Ces deux dernières années, on peut toutefois relever deux évolutions
majeures : la première a constitué un important retour en arrière,
la deuxième une évolution potentiellement favorable, mais qui
sur le terrain s'avère source d'un contentieux important. Ainsi,
la fiscalisation partielle des indemnités journalières des victimes
du travail adoptée il y a deux ans, après un large débat, a constitué
un signal extrêmement négatif pour ces personnes, dont les ressources
se sont vues réduites, alors même qu'il s'agissait de l'indemnisation
d'un préjudice. Si le Sénat vient de supprimer cette fiscalisation
dans le projet de loi de finances pour 2012, on peut malheureusement
craindre que l'Assemblée nationale revienne sur ce vote d'ici
la fin de l'année. Pourtant rien ne justifie cette imposition
ni socialement, ni financièrement. D'autres pistes pourraient
être cherchées pour trouver les 135 millions d'euros de recettes
escomptées.
Indemnisation intégrale ?
L'autre évolution, positive cette fois, réside dans la décision
du conseil constitutionnel du 18 juin 2010 qui a reconnu l'indemnisation
intégrale pour les victimes du travail dès lors qu'il y a faute
inexcusable de l'employeur. C'est une avancée essentielle, puisque,
jusqu'à cette décision, les victimes du travail n'étaient pas
indemnisées d'un certain nombre de préjudices, tel que l'aménagement
de leur domicile ou de leur véhicule. Toutefois l'application
de cette décision suscite sur le terrain de nombreuses difficultés
d'interprétation, et surtout de fortes inégalités selon les juridictions.

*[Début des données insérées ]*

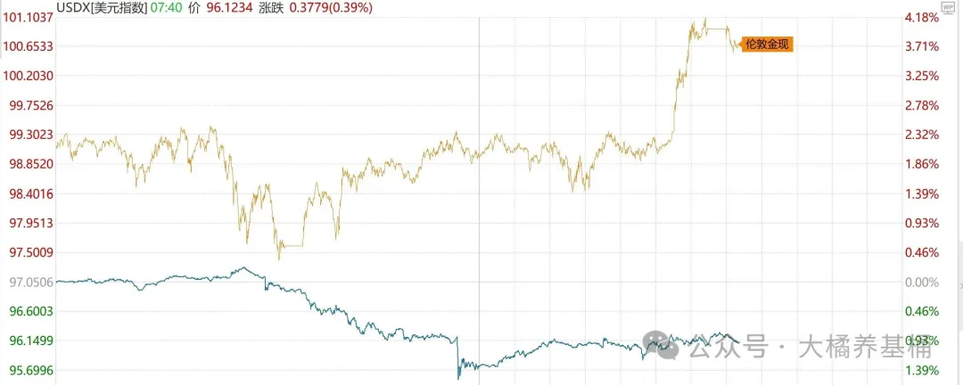 受此影响,美元指数应声跳水,最低触及95.73,创下本轮行情新低,黄金随之大涨。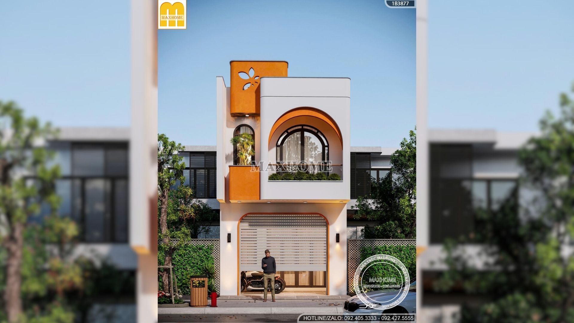 Gam màu chủ đạo của công trình là trắng kem kết hợp cam đất và đen nhấn. Màu trắng mang lại cảm giác sạch sẽ, hiện đại, giúp ngôi nhà luôn sáng và nổi bật trên phố. Màu cam đất được sử dụng có chủ đích, tập trung ở các mảng nhấn và chi tiết cong, tạo sự ấm áp và cá tính.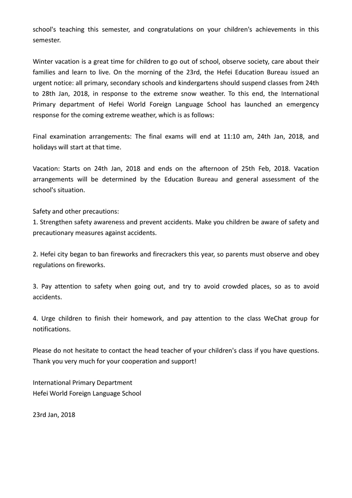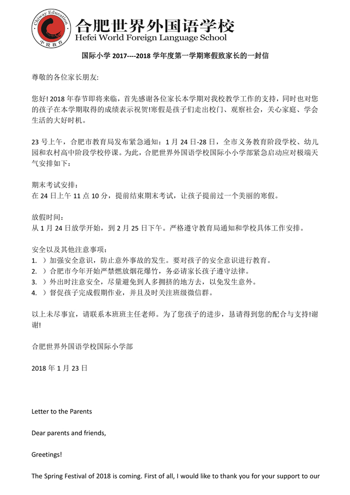 国际小学部寒假致家长的一封信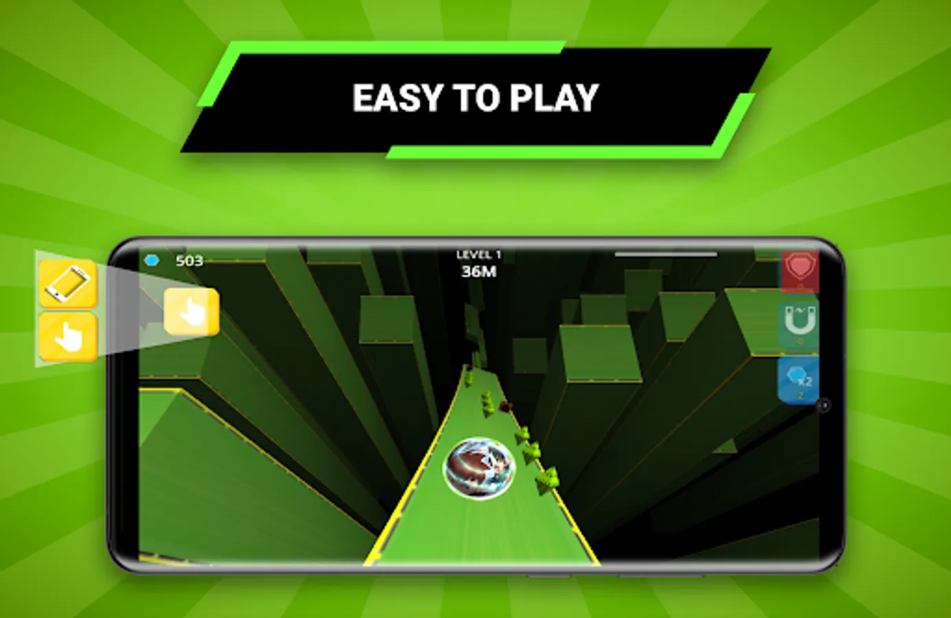 here are different boosters and props that can be used by spending your collected gems. Players can unleash useful boosters such as diamonds collecting magnet, gems multiplier, and shield against obstacles.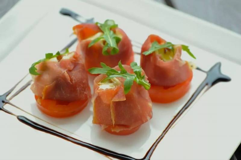 Scamorza Affumicata Con Prosciutto,这款简单的烤烟熏Scamorza奶酪令人讶异,奶酪包裹着切成薄片的意大利火腿。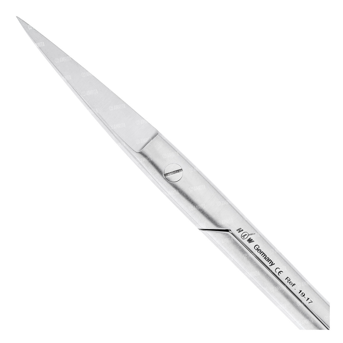 Ножницы прямые хирургические остроконечные. Предназначены для рассечения соединительнотканных и мышечный тяжей «на зажиме», осуществления полутупого доступа, к примеру при выделении новообразований в толще тканей или мобилизации краев раны.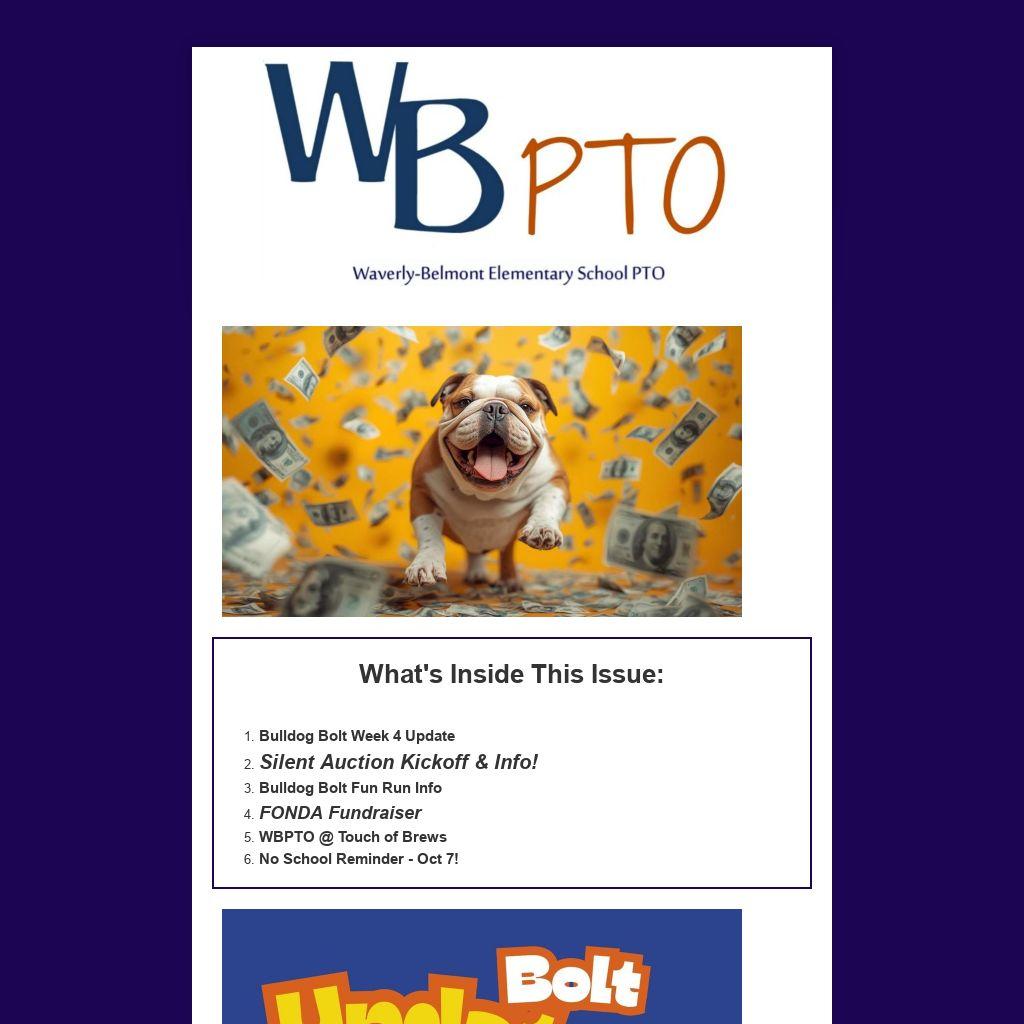 ATTEND: WB PTO will have a booth in the Kid Zone section at Touch of Brews this year from 11am-5pm in Sevier Park! There will be arts & crafts activities for the kiddos plus a photo op with Belmont the Bulldog! Donations made at the booth will go directly towards the overall Bulldog Bolt fundraising goal. WB families and friends can purchase tickets through this designated ticket link and a portion of the proceeds will also go towards the Bulldog Bolt, so please share it with anyone who is planning on attending! (Note: Kids under 12 are free.)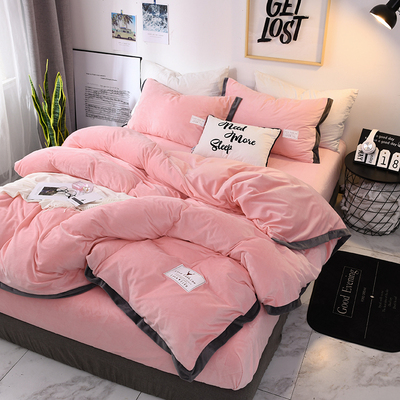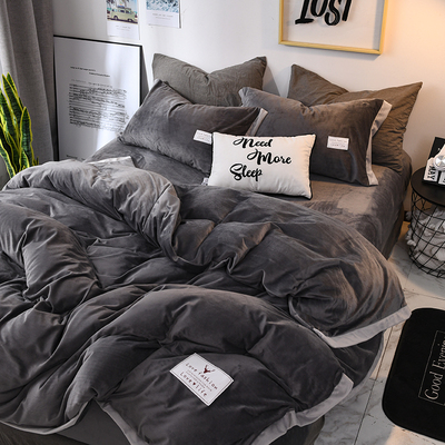 Red double-sided suede crystal velvet four pieces of winter thickening coral velvet bed on beds of bed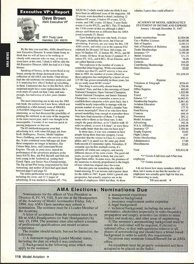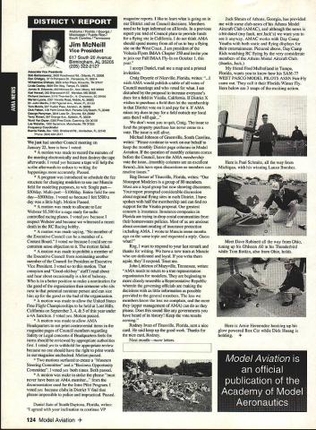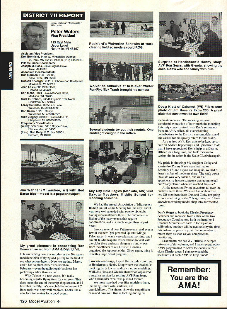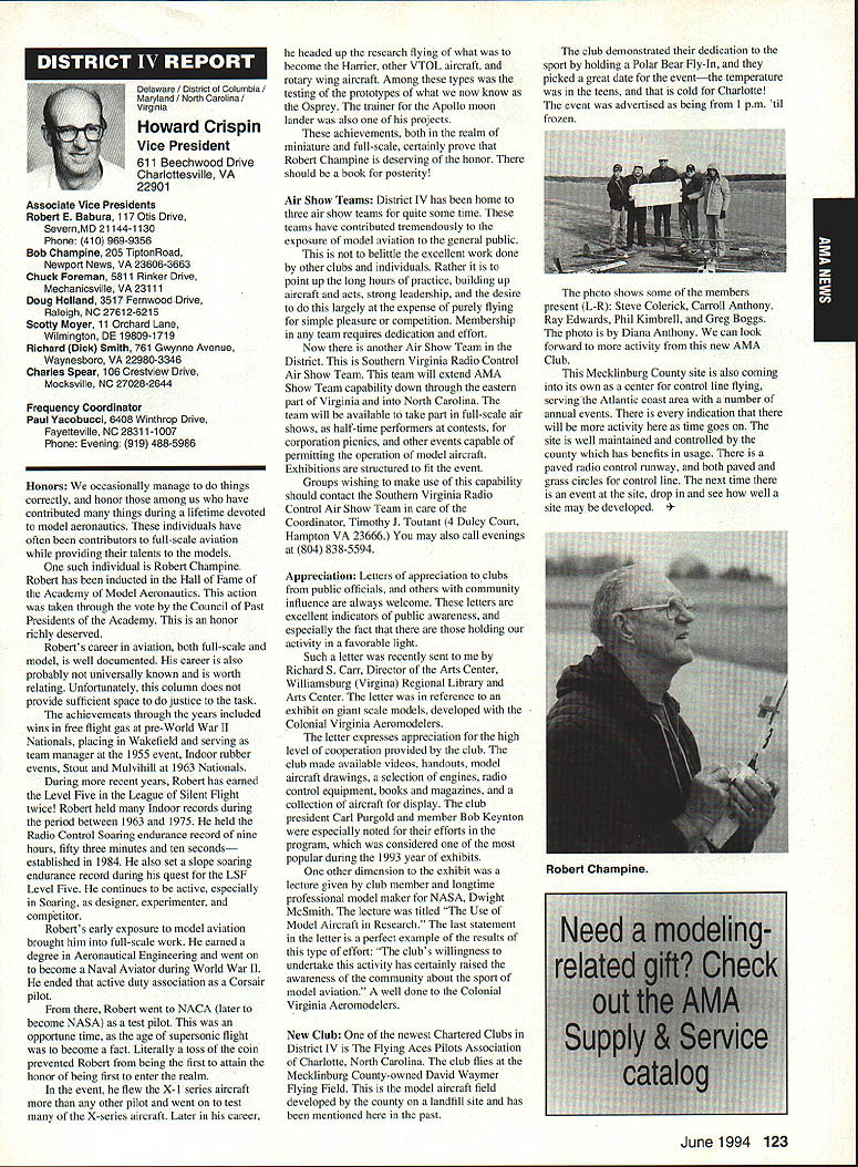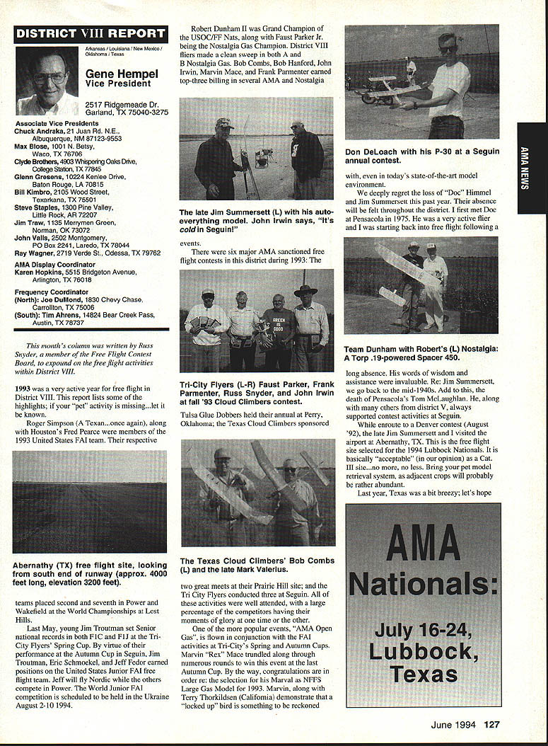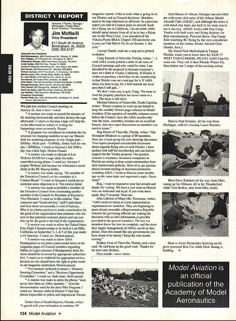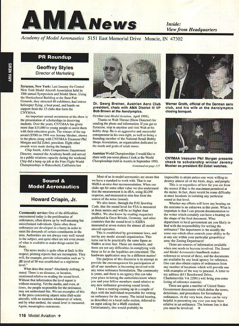 ANews Academy Model Aeronautics 5151 East Memorial Drive Muncie IN 47302 Syracuse New York Last January Central New York Model Aircraft Association held its 18th annual Symposium Model Show Using Horticultural Building State Fair Grounds attracted 40 exhibitors indoor helicopter flying boat pond hands-on support 15 clubs form CNYMAA An important annual occurrence show presentation scholarships deserving students Over years CNYMAA has given $15000 young people assist education goals winner top award $500 1994 Jeremy Mosher shown photo along CNYMAA Treasurer Phil Morgan Ed Zobel president Eight other awards made during banquet Chip Smith AMA Competitions Department Director manned Academy booth served public relations capacity during weekend Chip did bang-up job Free Flight World Championships Bakersfield California last Dr Georg Breiner Austrian Aero Club president chats AMA District III VP Bob Brown Aerolympics October see ModelAviation April 1994 Thanks Walt Throne Show Director sending photo information get Syracuse stop anytime visit Walt hobby shop aggressive successful entrepreneur own right well being founding member National Retail Hobby Shops Association organization dedicated needs goals retail stores Austrian World Championships would like share some photos took World Championships held Austria September 1993 Continued page 117 Community service difficulties encountered today proliferation ordinances often drawn up well-meaning misinformed individuals Quite often ordinances developed hurry order meet demands certain constituents area Authorities always very well versed subject quite often aware what available make things easier news media quite often fault respect printing reports incomplete will example provide information such dB level 50 established nighttime level What does mean Absolutely nothing stated no distance location mentioned relative reading sound level Without information level report meaning Yet media times people responsible ordinance may understand see examples press concerning airport rules full-scale aircraft no mention whatsoever what method sound level measured Again meaningless statements Most us model aeronautics aware have standard work 9OdBA-at-nine-feet recommendation clubs opt some other value also understand measurement dBA using SLOW response measured nine feet source noise sound also know through FAI Sporting code sound level F3A measured three meters will no higher 96dBA also know reading magazines published Great Britain Germany other countries sound level 82dBA measured seven meters almost model aircraft operation established government laws model aircraft organization turns out practically same figure 9OdBA nine feet standards difficulties complying far legalities concerned hardware application may different matter purpose discourse attempt provide encouragement participation of members becoming involved noise ordinance formulation community yours no agency can take place letting authorities know fellow members stand relative new ordinance governing sound levels have meeting coming up couple days individual responsible writing ordinance county initial hearing described local radio station teferred input asking 40dB standard Unfortunately would probably impossible attain unless willing destroy almost birds dogs people regardless far source maximum permitted meter fact would some difficulty locations isolating particular sound level Whether efforts will have bearing outcome unknown point What important can present documentation writer certainly can have bearing shape final document What department local government likely find responsibility writing ordinance department usually same often controls ability fly site within particular geopolitical area Zoning Department sources information available needs become involved Sound Model Aeronautics handbook makes reference several documents available local agency reference can also obtain copies ordinances number locations will provide examples way proceed letter address 611 Beechwood Drive Charlottesville VA 22901 will bring some listing reference material quite number United States Government documents define terms definitions procedures formulating ordinances very least can very helpful presenting case may have relative ordinance bottom line must involved 4116 Model Aviation de View Headquarters Geoffrey Styles Director Marketing Werner Groth official German aero club wife Aerolympics closing banquet Howard Crispin Jr CNVMAA treasurer Phil Morgan presents check scholarship winner Jeremy Mosher president Ed Zobel watches d - II U~UV1OJ ii ti President Academy Model Aeronautics Don Lowe 902 Little Bend Rd Altamonte Springs FL 32714 What AMA Academy Model Aeronautics foremost goal promotion model aviation its entirety United States promotion takes forms determined what needed hobby-sport needs range education competition flying site support yes insurance Model aviation extremely diverse encompassing imagined creation uses principles aerodynamics fly models range extremely fragile Indoor models outdoor free flight models controlled wires controlled radio craft may powered strong arm winch rubber bands electric motors piston engines turbojet engines solid propellent rockets Model aviations technical progress strongly influenced motivated competition communication Therefore Academy organizes supports competition Fly-Ins kind Making happen simple process requires dedicated support literally several thousand volunteer modelers AMA far fifty employees working Headquarters volunteer force includes Council Leader Members Contest Boards Contest Directors Team Selection special committees well Chartered Club officers Yes AMA lot insurance although important also AMA has very important ingredient growth health aeromodeling very long time takes long view considering various aspects modeling since modeling activities mutually supportive necessary promote aspects aeromodeling also realize strength unity dealing Feder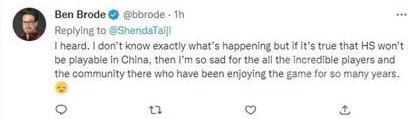 46、有人想起了曾经的《炉石传说》总监Ben Brode,去社交平台上告诉他中国玩家面临的现状。Ben Brode不久便进行回复,他说自己为无法继续享受炉石的玩家社群感到难过。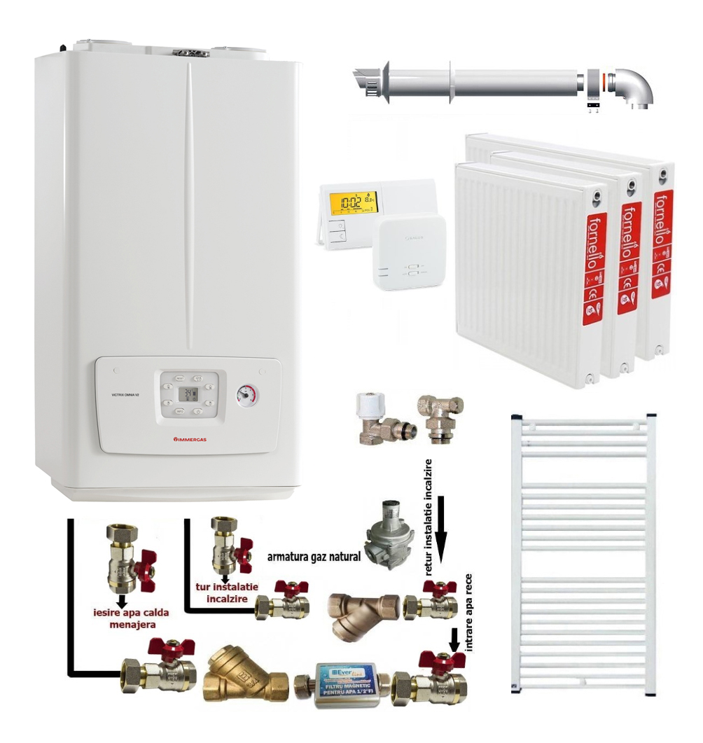 Pachet complet încălzire apartament 2 camere cu centrală Immergas Victrix Omnia 26, calorifere și accesorii. Montaj rapid și eficiență maximă.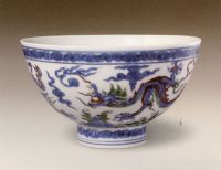 说 明: 此碗把青花与红绿彩结合起来,在一条龙身上,既有青花,又辅以红绿彩,在色彩上比前朝龙纹丰富.碗足内青花双圈"正德年制"四字楷书款,是正德时期具代表性的器物.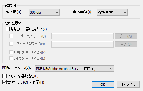 ここでは、作成するPDFファイルの解像度、セキュリティ、PDFのバージョン等を設定します。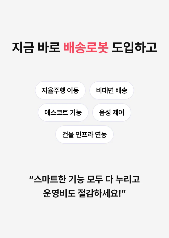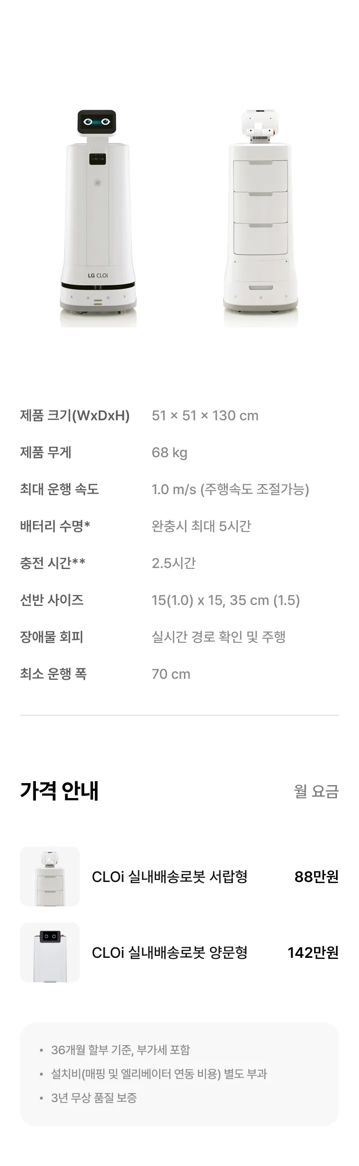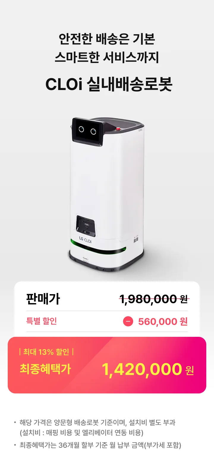 배송로봇 CLOi 실내배송로봇 가격 상담 후 안내 제품 금액은 설치 환경, 제품 선택 옵션에 따라 다를 수 있어요 구매상담을 통해 전문 상담원이 고객님의 상품 가입을 쉽고 빠르게 도와드려요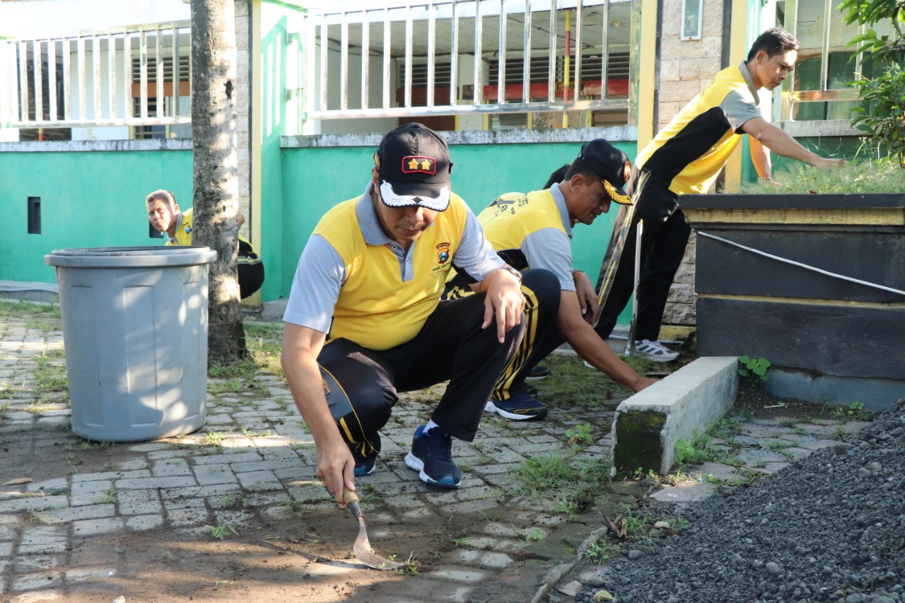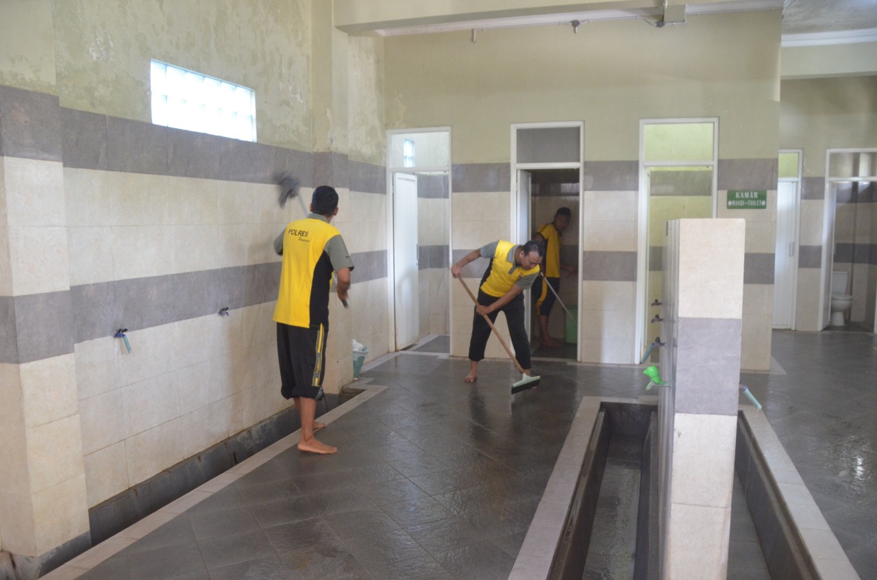 ‘’Kebersihan itu bagian dari iman, jadi sudah sepantasnya rumah ibadah (masjid) ini kita bersihkan setiap waktu dan kalau bisa setiap hari. Secara tidak langsung kalau masjid ini bersih asri, yang beribadah juga merasa nyaman, “pungkas Kapolres Radiant. (sul)

Bref, si sur le papier cette décision devait améliorer l'indemnisation
des victimes du travail, dans les faits c'est loin d'être le cas.
Ces deux évolutions ont conduit les députés de la majorité et
de l'opposition à déposer deux propositions de loi, identiques
dans leurs objectifs. Celle déposée par une cinquantaine de députés
socialistes, sous la houlette d'Alain Vidalies, député des Landes,
était inscrite à l'ordre du jour des travaux de l'Assemblée nationale
les 17 et 23 novembre derniers. Autant le dire tout de suite,
elle n'a pas été adoptée. Mais notre déception n'est pas là, car
nous ne nous faisions pas beaucoup d'illusion sur ses chances
d'être adoptées, malgré l'existence apparente d'une union nationale
des députés de la majorité et de l'opposition. La période pré-électorale
ne se prête pas vraiment à une telle union nationale, mais plutôt
à l'expression des clivages idéologiques.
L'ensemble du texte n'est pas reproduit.